Records from a data collection
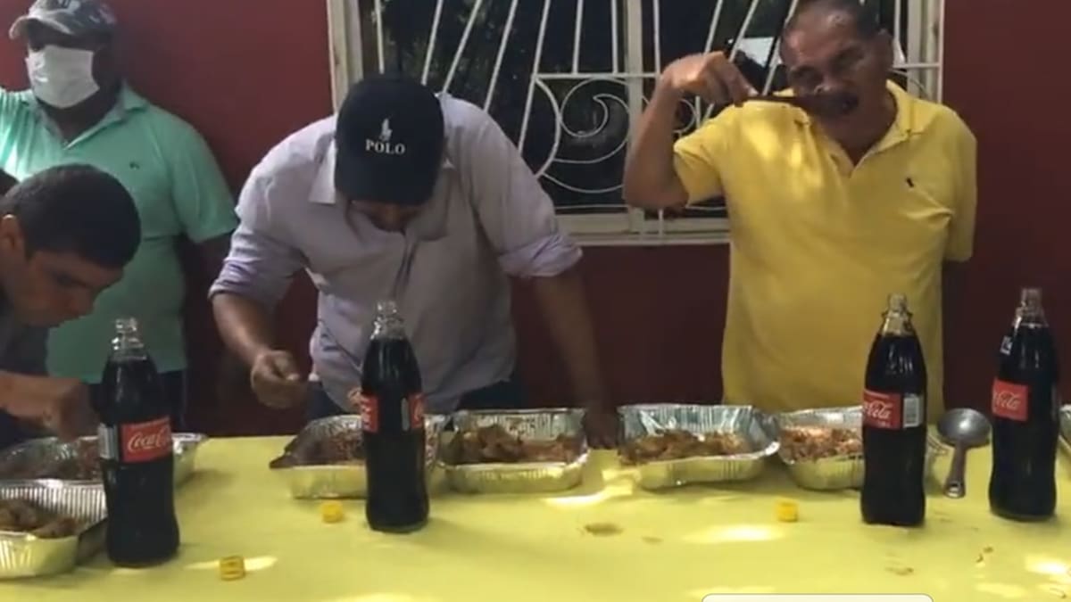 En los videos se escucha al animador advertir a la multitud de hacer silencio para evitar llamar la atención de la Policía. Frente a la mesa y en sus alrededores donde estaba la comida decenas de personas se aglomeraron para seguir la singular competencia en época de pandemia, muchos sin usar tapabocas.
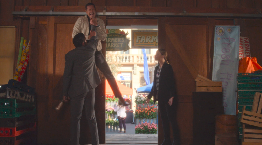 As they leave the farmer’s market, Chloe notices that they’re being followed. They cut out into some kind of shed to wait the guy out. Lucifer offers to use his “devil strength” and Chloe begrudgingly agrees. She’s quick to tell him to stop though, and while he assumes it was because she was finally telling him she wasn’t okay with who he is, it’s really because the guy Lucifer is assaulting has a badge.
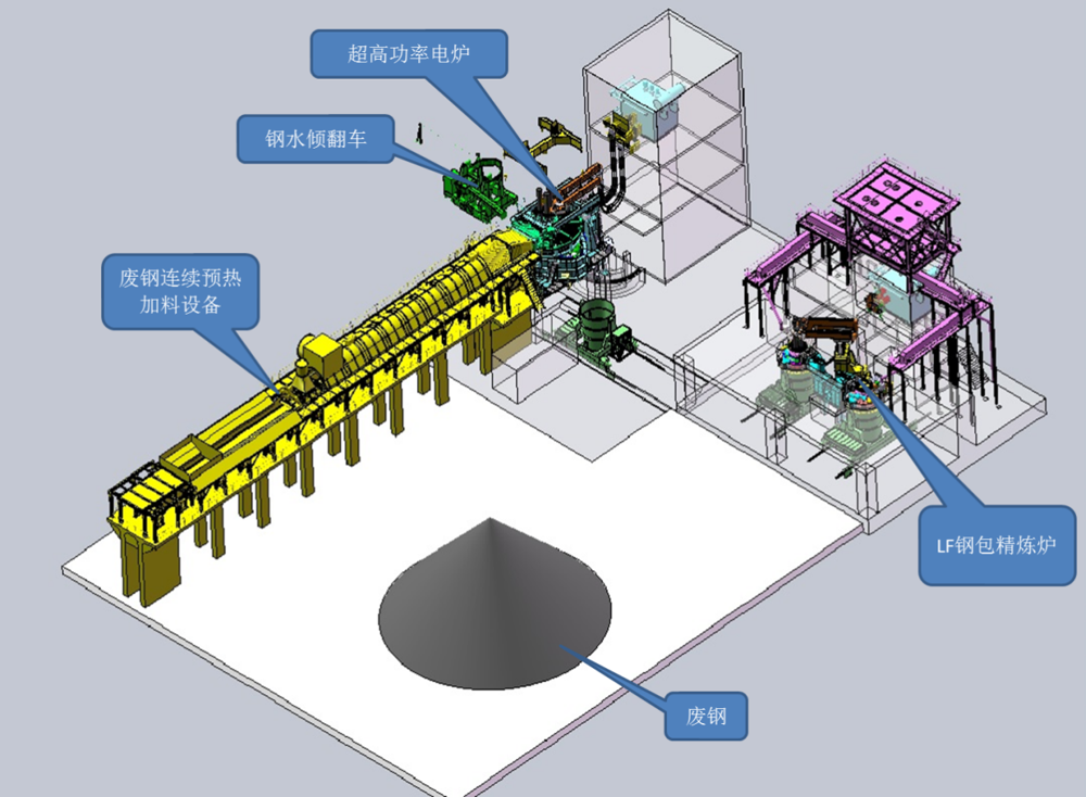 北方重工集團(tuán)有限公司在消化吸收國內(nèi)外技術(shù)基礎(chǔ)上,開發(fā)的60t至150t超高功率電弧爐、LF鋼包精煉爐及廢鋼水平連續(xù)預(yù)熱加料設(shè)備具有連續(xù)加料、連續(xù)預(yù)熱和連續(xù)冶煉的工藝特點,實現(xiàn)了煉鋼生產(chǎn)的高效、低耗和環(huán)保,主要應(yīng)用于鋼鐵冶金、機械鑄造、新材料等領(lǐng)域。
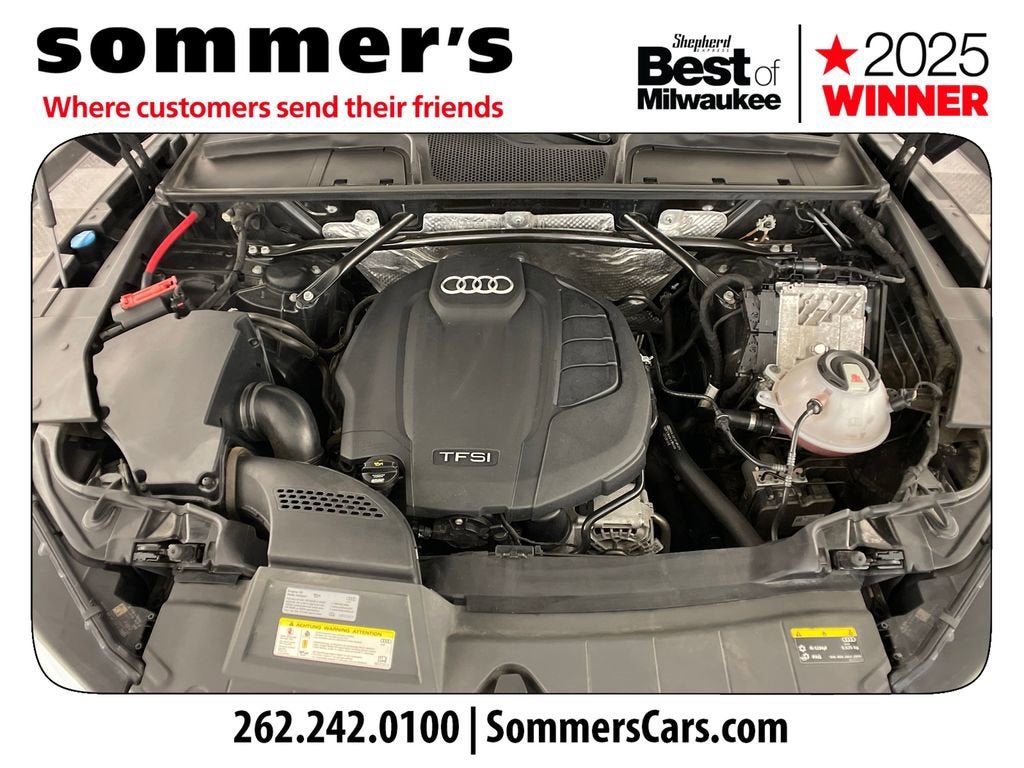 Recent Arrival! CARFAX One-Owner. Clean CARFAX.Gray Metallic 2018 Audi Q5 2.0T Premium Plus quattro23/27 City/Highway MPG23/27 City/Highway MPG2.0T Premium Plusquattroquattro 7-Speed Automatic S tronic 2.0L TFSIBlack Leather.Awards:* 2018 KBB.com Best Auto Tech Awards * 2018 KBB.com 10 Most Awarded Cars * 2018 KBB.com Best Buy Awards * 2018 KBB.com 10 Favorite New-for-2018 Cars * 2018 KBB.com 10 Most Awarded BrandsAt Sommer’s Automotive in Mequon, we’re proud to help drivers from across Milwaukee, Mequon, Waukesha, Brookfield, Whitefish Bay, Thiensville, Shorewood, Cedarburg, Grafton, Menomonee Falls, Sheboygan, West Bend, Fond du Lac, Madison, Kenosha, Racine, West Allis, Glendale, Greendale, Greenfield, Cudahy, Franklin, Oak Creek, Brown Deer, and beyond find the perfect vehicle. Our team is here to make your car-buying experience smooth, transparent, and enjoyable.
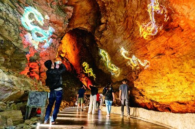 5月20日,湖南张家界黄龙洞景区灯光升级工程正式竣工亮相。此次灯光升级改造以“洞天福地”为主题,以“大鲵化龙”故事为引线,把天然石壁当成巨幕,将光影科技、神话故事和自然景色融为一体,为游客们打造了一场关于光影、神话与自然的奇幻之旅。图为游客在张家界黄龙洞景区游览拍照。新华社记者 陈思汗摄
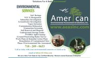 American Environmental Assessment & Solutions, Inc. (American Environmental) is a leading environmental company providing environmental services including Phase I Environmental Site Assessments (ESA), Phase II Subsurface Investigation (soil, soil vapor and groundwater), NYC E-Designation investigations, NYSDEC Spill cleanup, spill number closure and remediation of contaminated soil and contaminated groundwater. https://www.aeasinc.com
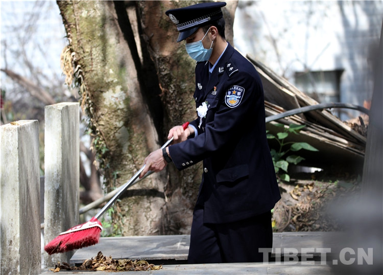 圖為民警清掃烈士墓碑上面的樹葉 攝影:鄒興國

Exercise brief — Output the entries exactly as they appear, with no pictures included.

Solved exercise —
 En los videos se escucha al animador advertir a la multitud de hacer silencio para evitar llamar la atención de la Policía. Frente a la mesa y en sus alrededores donde estaba la comida decenas de personas se aglomeraron para seguir la singular competencia en época de pandemia, muchos sin usar tapabocas.
 As they leave the farmer’s market, Chloe notices that they’re being followed. They cut out into some kind of shed to wait the guy out. Lucifer offers to use his “devil strength” and Chloe begrudgingly agrees. She’s quick to tell him to stop though, and while he assumes it was because she was finally telling him she wasn’t okay with who he is, it’s really because the guy Lucifer is assaulting has a badge.
 北方重工集團(tuán)有限公司在消化吸收國內(nèi)外技術(shù)基礎(chǔ)上,開發(fā)的60t至150t超高功率電弧爐、LF鋼包精煉爐及廢鋼水平連續(xù)預(yù)熱加料設(shè)備具有連續(xù)加料、連續(xù)預(yù)熱和連續(xù)冶煉的工藝特點,實現(xiàn)了煉鋼生產(chǎn)的高效、低耗和環(huán)保,主要應(yīng)用于鋼鐵冶金、機械鑄造、新材料等領(lǐng)域。
 Recent Arrival! CARFAX One-Owner. Clean CARFAX.Gray Metallic 2018 Audi Q5 2.0T Premium Plus quattro23/27 City/Highway MPG23/27 City/Highway MPG2.0T Premium Plusquattroquattro 7-Speed Automatic S tronic 2.0L TFSIBlack Leather.Awards:* 2018 KBB.com Best Auto Tech Awards * 2018 KBB.com 10 Most Awarded Cars * 2018 KBB.com Best Buy Awards * 2018 KBB.com 10 Favorite New-for-2018 Cars * 2018 KBB.com 10 Most Awarded BrandsAt Sommer’s Automotive in Mequon, we’re proud to help drivers from across Milwaukee, Mequon, Waukesha, Brookfield, Whitefish Bay, Thiensville, Shorewood, Cedarburg, Grafton, Menomonee Falls, Sheboygan, West Bend, Fond du Lac, Madison, Kenosha, Racine, West Allis, Glendale, Greendale, Greenfield, Cudahy, Franklin, Oak Creek, Brown Deer, and beyond find the perfect vehicle. Our team is here to make your car-buying experience smooth, transparent, and enjoyable.
 5月20日,湖南张家界黄龙洞景区灯光升级工程正式竣工亮相。此次灯光升级改造以“洞天福地”为主题,以“大鲵化龙”故事为引线,把天然石壁当成巨幕,将光影科技、神话故事和自然景色融为一体,为游客们打造了一场关于光影、神话与自然的奇幻之旅。图为游客在张家界黄龙洞景区游览拍照。新华社记者 陈思汗摄
 American Environmental Assessment & Solutions, Inc. (American Environmental) is a leading environmental company providing environmental services including Phase I Environmental Site Assessments (ESA), Phase II Subsurface Investigation (soil, soil vapor and groundwater), NYC E-Designation investigations, NYSDEC Spill cleanup, spill number closure and remediation of contaminated soil and contaminated groundwater. https://www.aeasinc.com
 圖為民警清掃烈士墓碑上面的樹葉 攝影:鄒興國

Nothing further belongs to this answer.